Based on projections for midterm ad spending and lessons from recent cycles, there’s no question that political marketers will need to further diversify their media mixes this cycle if they want to avoid over-saturating voters.
But of the $7.8 billion projected to be spent on marketing in the ’22 cycle by Kantar/CMAG, only $215 million of that is expected to go to radio.
Although some industry observers speculate that number could increase as budgets shift closer to Election Day, overall it should still be higher, according to Tony Hereau, VP of Cross Platform Insights, Nielsen.
Hereau recently gave a presentation to AAPC members where he noted that a 10-percent allocation to AM/FM radio “boosts voter reach by +8% with no increase in budget.”

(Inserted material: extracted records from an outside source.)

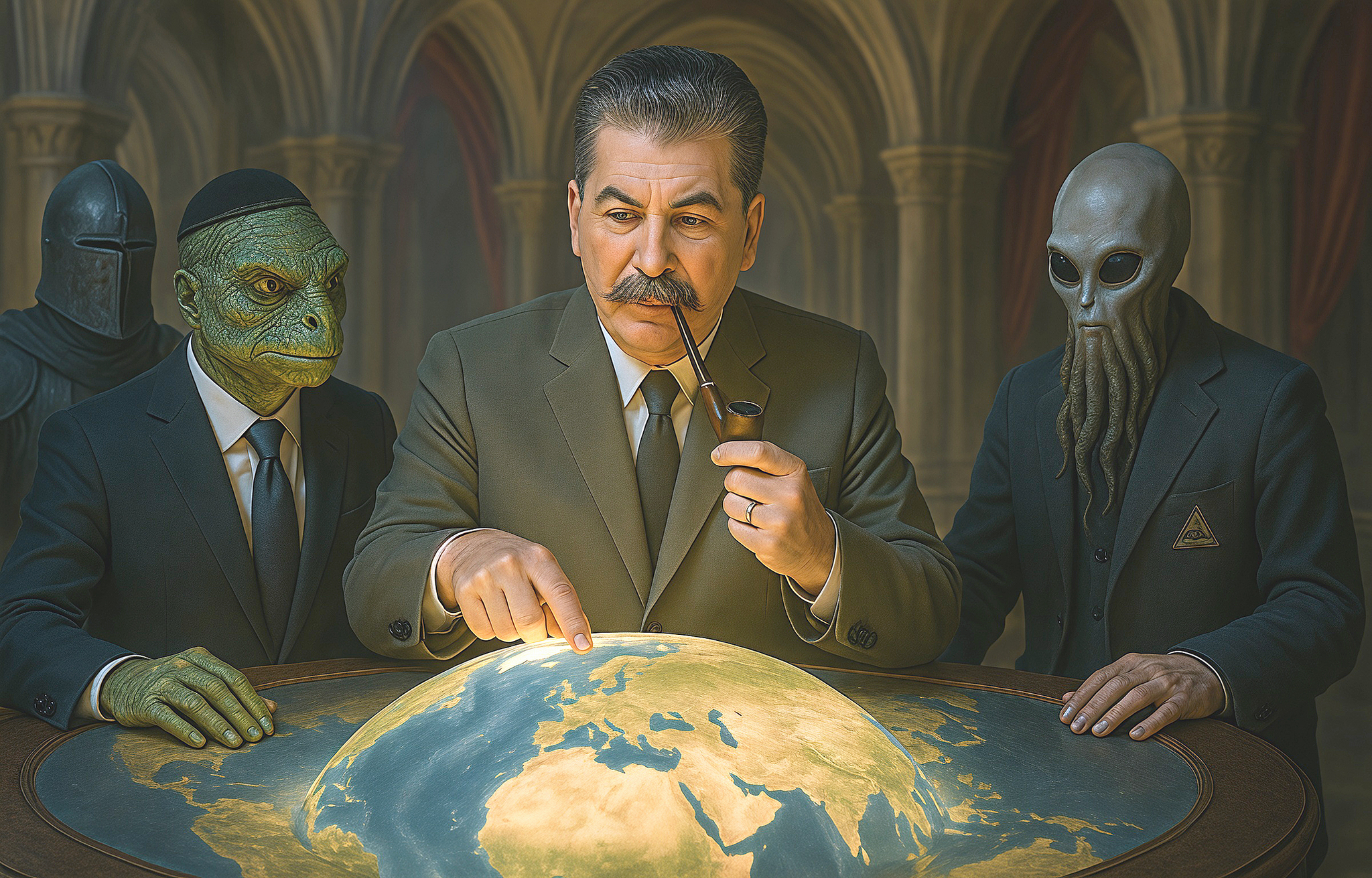 yarbush 6 месяцев назад Рассекречены шокирующие архивы А вот реконструкция архивного фото из газеты: Товарищ Сталин показывает делегатам пришельцев и рептилоидов маршрут героического дрейфа научной экспедиции Папанина на льдине в 1937 году. [моё] Сталин История России Арты нейросетей Ещё 0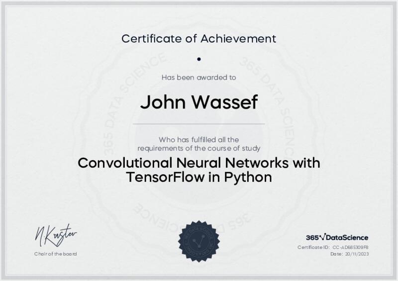 This user has been awarded the Convolutional Neural Networks with TensorFlow in Python Certificate for successfully completing the course exam. Holding this certificate demonstrates their proficiency on the topic and signifies they are qualified to apply their newly acquired expertise in the fields of data analytics and data science.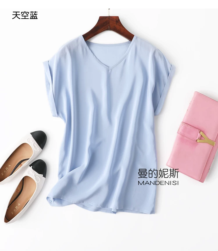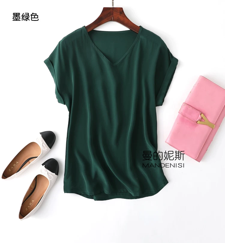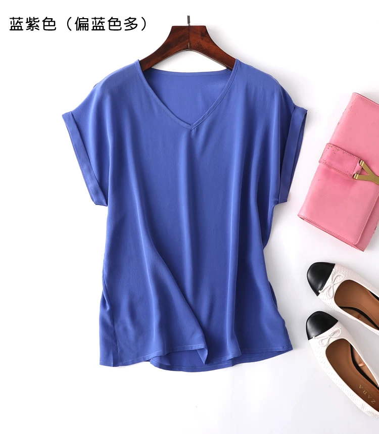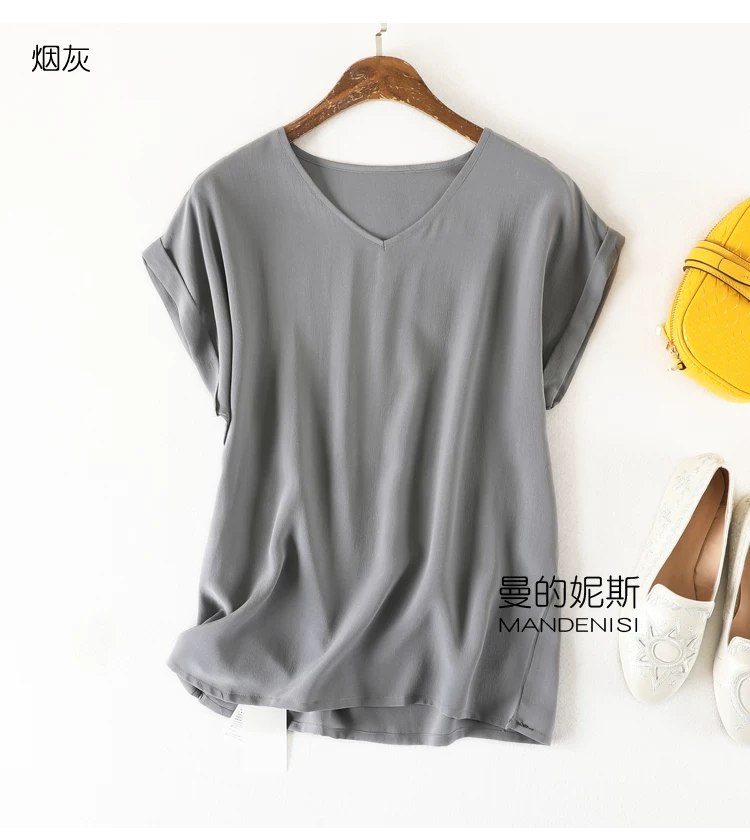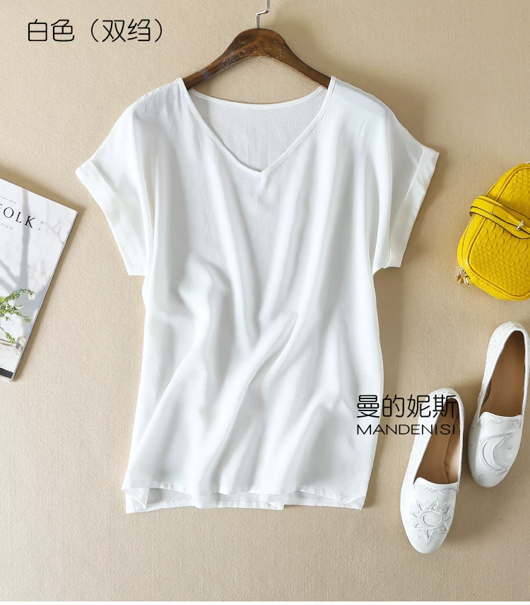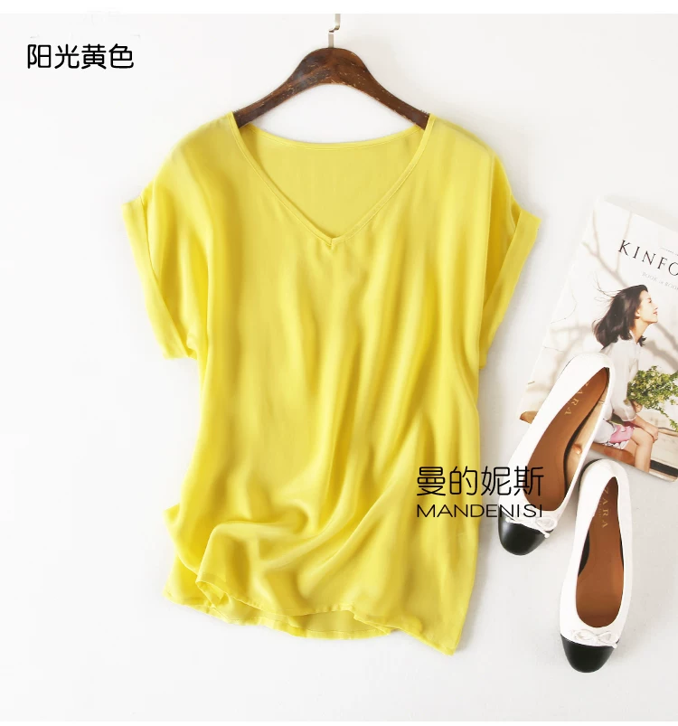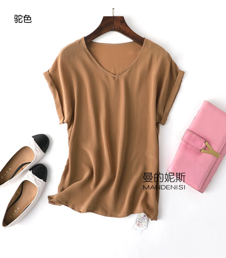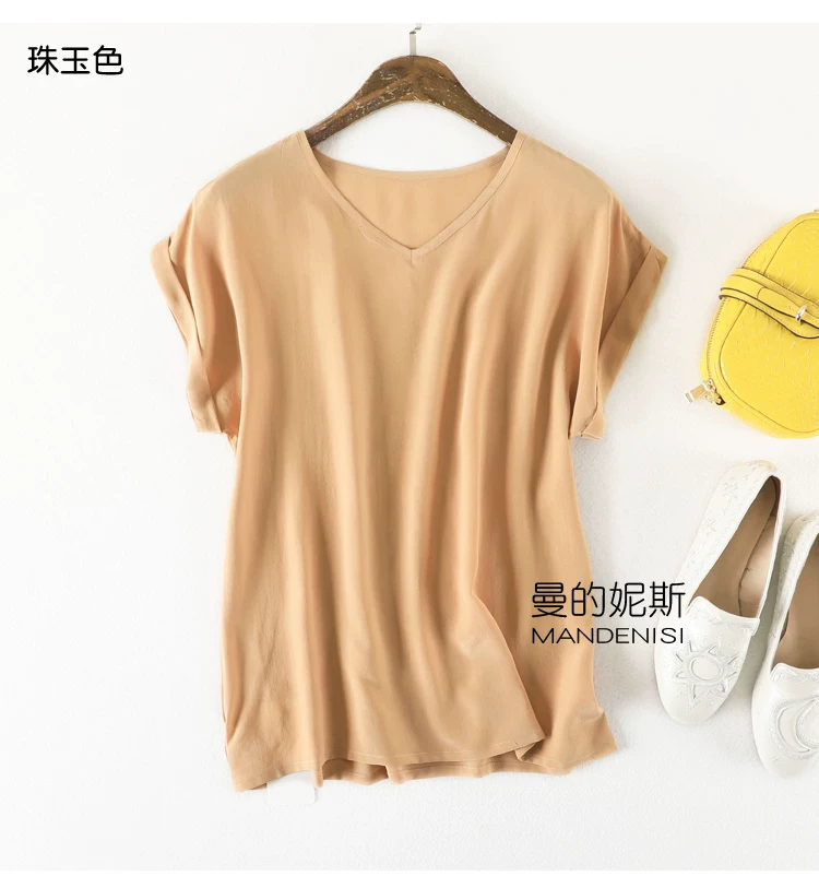 Летняя Однотонная рубашка с V-образным вырезом и короткими рукавами из 100% натурального шелка, женская одежда, размера плюс
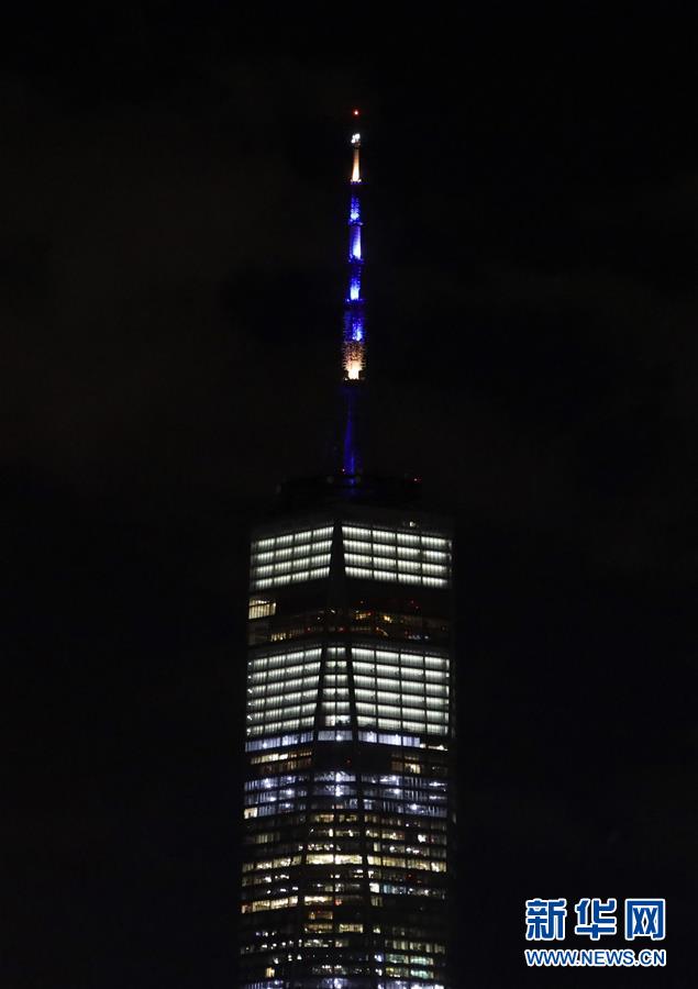 這是6月7日拍攝的點(diǎn)亮藍(lán)色和金色燈光的美國(guó)紐約世貿(mào)中心一號(hào)樓。新華社記者王迎攝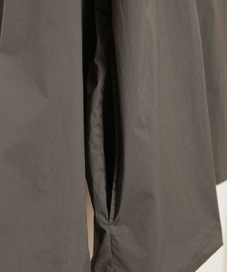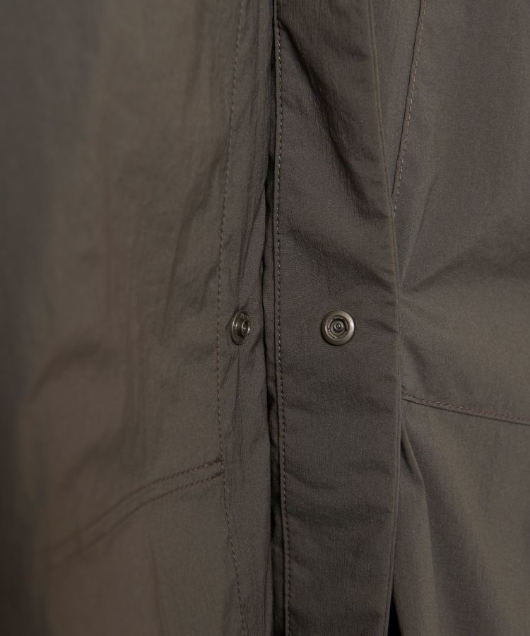 生地は20デニールのナイロンを使用。ナイロンであるにも関わらず、ストレッチ性と強撥水性を持っており、また細番手のため、軽量でイージーに着用できます。生地特性であるストレッチ性・撥水性とデザインがマッチしている着心地のよいアイテムに仕上がっています。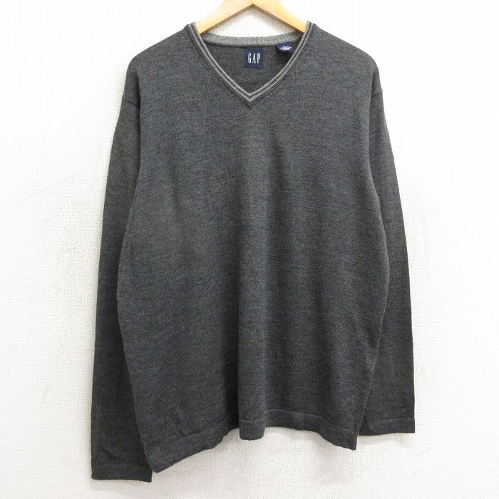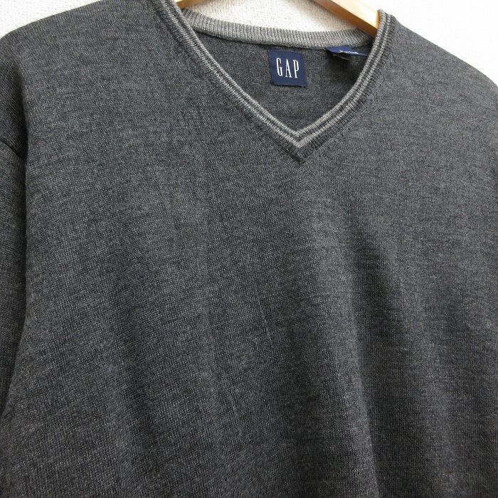 【商品名】 L★古着 ギャップ GAP 長袖 セーター メンズ 00年代 00s 無地 メリノウール Vネック 濃グレー

The main reason for advocating for more radio spending, according to Hereau, is “massive reach.”
“When you’re trying to make a big impact in a local market, right before a specific date, like an election, you can’t wait for reach and frequency to spool up over a long period of time,” he said. “You need to hit people quickly, and reach a lot of them so that they show up and vote. And radio can do that.”
But that argument runs up against established spending patterns by political marketers.
“Political advertisers fall into this trap of like, cut and paste, where they say, ‘Well, we got elected last time with this strategy, let’s go with that again. It’s tried and true.’ But what’s happened is the world has changed since then,” Hereau told C&E.
As so-called cord cutting increases, he noted that political marketers often get stuck trying to reach light TV viewers with media plans that subsequently overwhelm heavy viewers who get a spot eight times while the former sees it once or twice a week.
That phenomenon was very pronounced in December 2020 in Georgia during the Senate runoff races. During that period one in every three ads on television was political.
“There was not that same phenomenon happening” on radio, he said. “It was like one out of every ten ads, maybe, that were political.”
He added: “It’s so hard to cut through the clutter when so many of those light viewers are just not seeing those ads. Marketers just have to get a lot more creative. They have to diversify their approach.”
One of the most striking findings in Hereau’s presentation deck is the number of swing voters who are listening to different radio formats. Typically, news and country stations are political marketers first calls when making radio buys.
But those aren’t the stations reaching the highest percentage of swing voters. Rather, it’s “Mexican regional” radio that has the broadest reach with 55 percent of swing voters listening to the format compared with 46 percent for country and 43 listening to news/talk/info.
“There is so much money that is coming into the political space for this upcoming midterm election,” he said. “There’s clearly an opportunity to direct some of that to radio.”